2. Are charges significantly different between smokers and non-smokers? You could perform a t-test for this.

In [189]:
import csv
import math

smoker_charges = []
non_smoker_charges = []

with open('insurance.csv', 'r') as insurance_csv:
    csv_reader = csv.reader(insurance_csv)
    header = next(csv_reader)
    
    for row in csv_reader:
        if row[4] == "yes":
            smoker_charges.append(float(row[6]))
        else:
            non_smoker_charges.append(float(row[6]))

# Calculate mean charges for smokers and non-smokers
mean_smoker_charges = sum(smoker_charges) / len(smoker_charges)
mean_non_smoker_charges = sum(non_smoker_charges) / len(non_smoker_charges)

# Calculate pooled standard deviation
n_smoker = len(smoker_charges)
n_non_smoker = len(non_smoker_charges)
pooled_std_dev = math.sqrt(((n_smoker - 1) * (math.pow(mean_smoker_charges - mean_non_smoker_charges, 2)) + (n_non_smoker - 1) * (math.pow(mean_non_smoker_charges - mean_smoker_charges, 2))) / (n_smoker + n_non_smoker - 2))

# Calculate t-statistic
t_statistic = (mean_smoker_charges - mean_non_smoker_charges) / (pooled_std_dev * math.sqrt((1 / n_smoker) + (1 / n_non_smoker)))

# Calculate degrees of freedom
degrees_of_freedom = n_smoker + n_non_smoker - 2

# Calculate critical t-value at desired significance level (e.g., 0.05)
critical_t_value = 1.96  # For a two-tailed test at 95% confidence level

if abs(t_statistic) > critical_t_value:
    print("Result: There is a significant difference in charges between smokers and non-smokers.")
else:
    print("Result: There is no significant difference in charges between smokers and non-smokers.")

print(f"T-Statistic: {t_statistic:.4f}")
print(f"Critical T-Value: {critical_t_value}")

Result: There is a significant difference in charges between smokers and non-smokers.
T-Statistic: 14.7611
Critical T-Value: 1.96


## Potential Business Insights

1. How might these insights be used by insurance companies to set premiums?

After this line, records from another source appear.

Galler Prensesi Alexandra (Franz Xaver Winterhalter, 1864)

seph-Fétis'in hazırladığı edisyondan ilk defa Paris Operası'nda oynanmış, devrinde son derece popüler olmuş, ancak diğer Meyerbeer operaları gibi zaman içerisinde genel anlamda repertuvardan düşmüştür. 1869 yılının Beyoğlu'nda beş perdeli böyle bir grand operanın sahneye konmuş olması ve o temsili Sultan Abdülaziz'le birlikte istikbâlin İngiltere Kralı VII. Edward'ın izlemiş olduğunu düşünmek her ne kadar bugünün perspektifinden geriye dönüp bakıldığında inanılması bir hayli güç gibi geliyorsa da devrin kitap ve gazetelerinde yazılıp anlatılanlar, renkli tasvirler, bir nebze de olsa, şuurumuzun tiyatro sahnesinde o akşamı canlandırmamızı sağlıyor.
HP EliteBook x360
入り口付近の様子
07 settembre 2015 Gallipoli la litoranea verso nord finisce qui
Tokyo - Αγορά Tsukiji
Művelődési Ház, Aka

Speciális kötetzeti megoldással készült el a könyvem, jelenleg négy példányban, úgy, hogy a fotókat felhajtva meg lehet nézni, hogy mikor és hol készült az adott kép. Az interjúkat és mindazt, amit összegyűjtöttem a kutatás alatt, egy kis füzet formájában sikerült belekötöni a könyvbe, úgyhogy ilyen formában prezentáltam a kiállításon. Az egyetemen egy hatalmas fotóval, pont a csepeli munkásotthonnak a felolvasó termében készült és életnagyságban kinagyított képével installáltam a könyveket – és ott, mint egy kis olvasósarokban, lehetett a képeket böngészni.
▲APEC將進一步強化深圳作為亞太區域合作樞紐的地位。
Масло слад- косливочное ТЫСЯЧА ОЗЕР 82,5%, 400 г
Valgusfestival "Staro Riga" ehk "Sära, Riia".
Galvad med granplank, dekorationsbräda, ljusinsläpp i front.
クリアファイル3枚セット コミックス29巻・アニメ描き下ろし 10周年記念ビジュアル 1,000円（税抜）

The insights from the analysis help insurance companies set fair premiums. They can adjust prices based on factors like age, gender, health, family size, and smoking habits. For example, older or smoking individuals might pay more due to potential higher healthcare costs. By using these insights, insurers create customized plans that match individual needs, making insurance more accurate and beneficial for everyone.

2. What factors (age, smoking, BMI, etc.) seem to contribute most to higher insurance charges?

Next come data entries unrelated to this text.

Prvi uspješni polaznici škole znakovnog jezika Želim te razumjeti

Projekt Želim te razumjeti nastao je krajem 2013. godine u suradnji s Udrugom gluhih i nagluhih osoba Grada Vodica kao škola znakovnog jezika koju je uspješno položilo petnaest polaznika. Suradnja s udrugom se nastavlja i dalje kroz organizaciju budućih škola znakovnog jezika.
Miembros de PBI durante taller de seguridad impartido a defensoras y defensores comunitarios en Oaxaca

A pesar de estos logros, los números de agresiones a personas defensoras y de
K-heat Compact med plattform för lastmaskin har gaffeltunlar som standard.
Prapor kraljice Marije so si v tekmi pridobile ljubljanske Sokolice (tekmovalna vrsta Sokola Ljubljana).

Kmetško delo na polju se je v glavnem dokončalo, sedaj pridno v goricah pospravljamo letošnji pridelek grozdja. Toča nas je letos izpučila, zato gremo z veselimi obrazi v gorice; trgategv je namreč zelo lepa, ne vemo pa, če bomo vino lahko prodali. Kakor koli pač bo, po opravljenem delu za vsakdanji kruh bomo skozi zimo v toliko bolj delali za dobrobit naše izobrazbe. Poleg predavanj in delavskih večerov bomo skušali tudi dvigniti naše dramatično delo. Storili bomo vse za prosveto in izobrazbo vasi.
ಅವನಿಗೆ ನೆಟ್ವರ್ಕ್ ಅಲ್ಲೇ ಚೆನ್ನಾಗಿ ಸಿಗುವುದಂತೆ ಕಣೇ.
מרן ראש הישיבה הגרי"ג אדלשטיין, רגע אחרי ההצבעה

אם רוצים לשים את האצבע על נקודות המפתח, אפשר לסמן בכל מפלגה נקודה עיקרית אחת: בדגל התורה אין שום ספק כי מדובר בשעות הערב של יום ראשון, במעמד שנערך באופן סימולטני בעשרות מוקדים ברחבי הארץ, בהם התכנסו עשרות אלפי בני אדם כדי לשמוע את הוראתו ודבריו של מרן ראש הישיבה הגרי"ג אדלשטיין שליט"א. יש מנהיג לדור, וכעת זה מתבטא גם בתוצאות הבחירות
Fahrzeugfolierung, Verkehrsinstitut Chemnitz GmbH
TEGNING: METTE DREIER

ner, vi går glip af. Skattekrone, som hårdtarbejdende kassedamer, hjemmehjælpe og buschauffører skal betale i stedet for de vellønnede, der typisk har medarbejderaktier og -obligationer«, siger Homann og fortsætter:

Certain factors contribute significantly to higher insurance charges. Smoking stands out, as smokers have higher costs than non-smokers. Age also matters, with older people facing higher charges due to more healthcare needs. Family size plays a role; more children mean higher charges. Another factor is weight, where higher values are linked to increased charges, likely due to health risks. These insights help insurance companies adjust premiums based on these factors to ensure fairness and accuracy.

## Summary

The exploration of insurance charges uncovers key insights into what drives costs. Smoking plays a significant role, leading to notably higher charges for smokers compared to non-smokers. This underlines the importance of factoring in smoking habits when deciding on insurance premiums, as it greatly impacts potential healthcare expenses.

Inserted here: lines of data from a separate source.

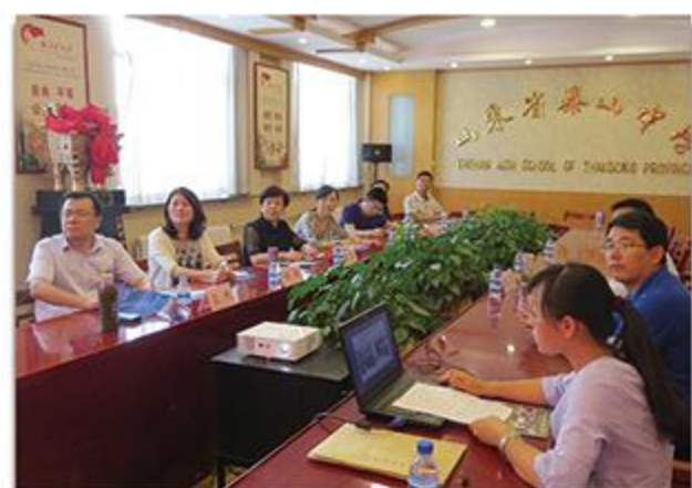
省教育厅领导来校调研中加班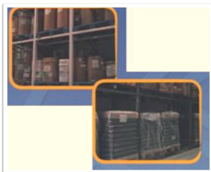
Grafico 2.5: Planta Farmayala Bodegas de Materia Prima.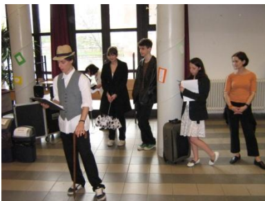
versek a 12.ab előadásában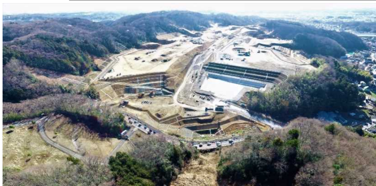
都道（美山通り）より全景 3/20撮影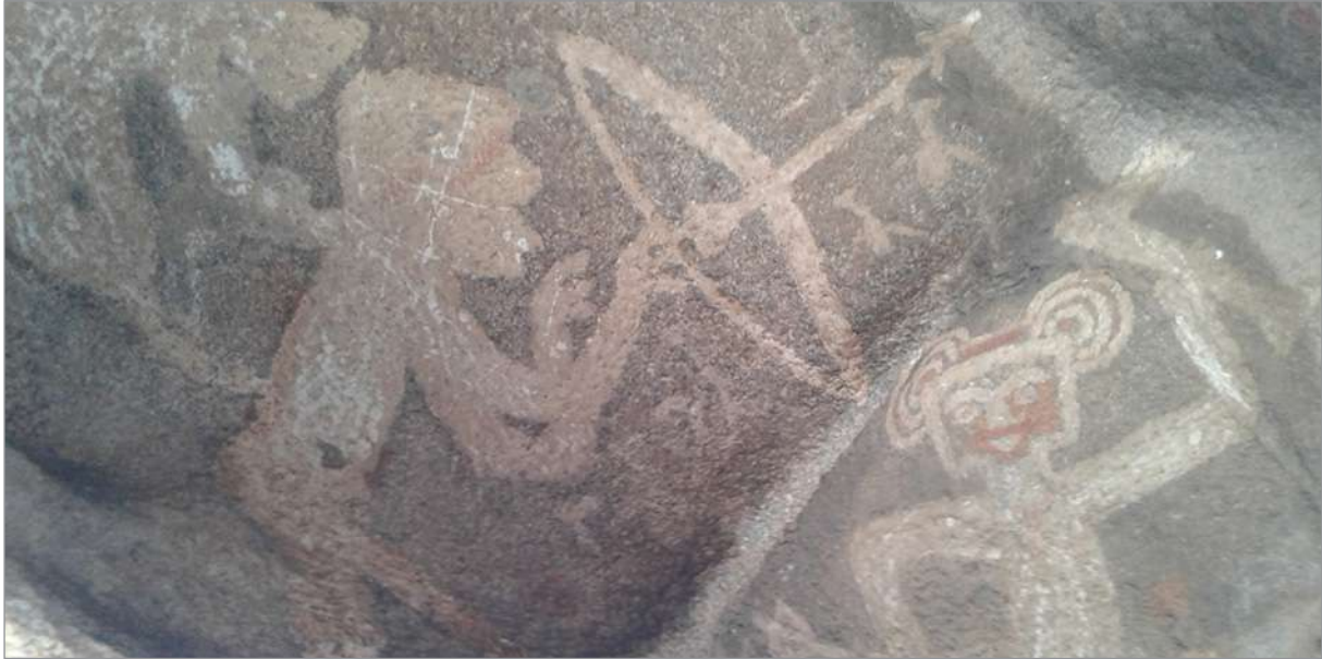
Figura 3. Chamanes pintados en La Tunita.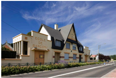
Vue générale de trois quarts depuis la rue.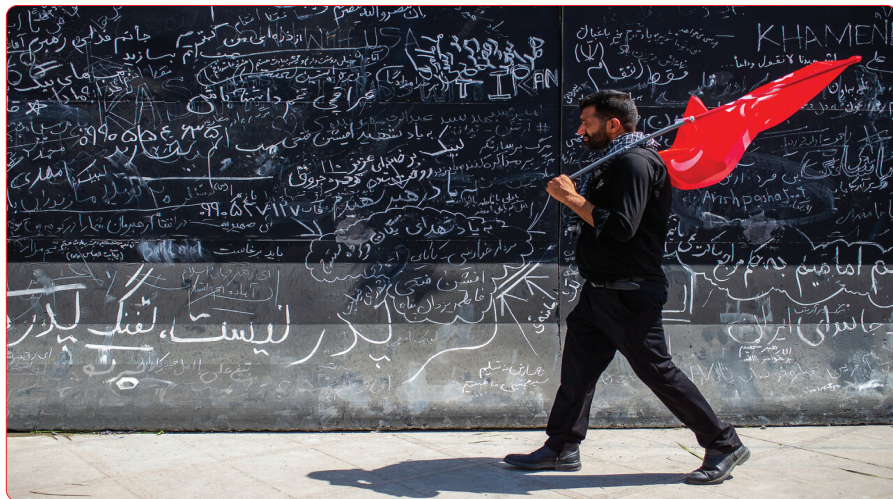
در حاشیه آیین وداع با رهبر شهید انقلاب، زائران با نگارش جملات، دعاها و پیام‌های کوتاه بر دیوارهای مصلاهی تهران، احساسات و ارادت خود را به یادگار گذاشتند.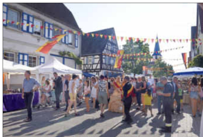
Auf der Festmeile

Gefeiert wurde von Freitag bis Sonntag und das nicht einfach nur so: Fast das gesamte Dorf verwandelte sich in eine Festmeile, an der es an jeder Ecke etwas zu entdecken gab. Das 1250-jährige Bestehen der zweitältesten Gemeinde des Landkreises sollte schließlich gebührend gefeiert werden.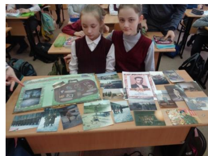
Урок мужества, проведенный с 1-11 класс, посвященный Дню защитника Отечества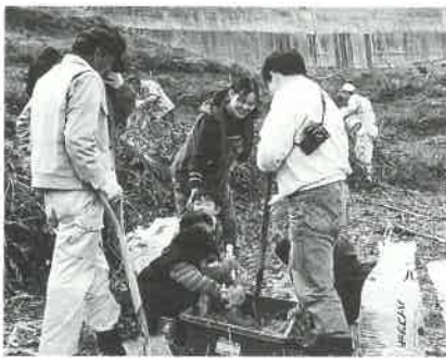
家族で協力して土づくりから

三月十二日(日)ピュアランド山の里東側斜面で桜の植樹会「SAKURA2000」が開催されました。これは、ピュアランド周辺を「一目千本桜」という桜の名所にする事業の一環で、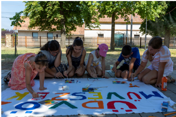
Nincs lélekemelőbb dolog a közösen végzett munkánál

■ Olyan jól sikerült az első alkalommal megrendezett Népi csemete játszma elnevezésű alkotó tábor, hogy a résztvevők kérésére tanévben is tartanak fotós és képzőművészeti foglalkozásokat. A táborban, amely Halimbán volt, három ajkai iskola, a Csodavár, a Fekete-Vörösmarty és a Szent-Györgyi diákjai is részt vettek.

Age is another critical factor. As people get older, charges tend to increase, reflecting the connection between age and healthcare needs. This highlights the role age plays in determining insurance costs, as older individuals often require more medical attention and therefore face higher charges.

Looking at a broader view, regional differences also come into play. Charges vary by region, with the southeast region showing higher average charges. This suggests that regional factors like healthcare resources and lifestyle choices can impact insurance costs. Overall, these insights provide valuable information for insurance companies to create more tailored and equitable premium plans, considering the unique mix of factors that influence healthcare expenses.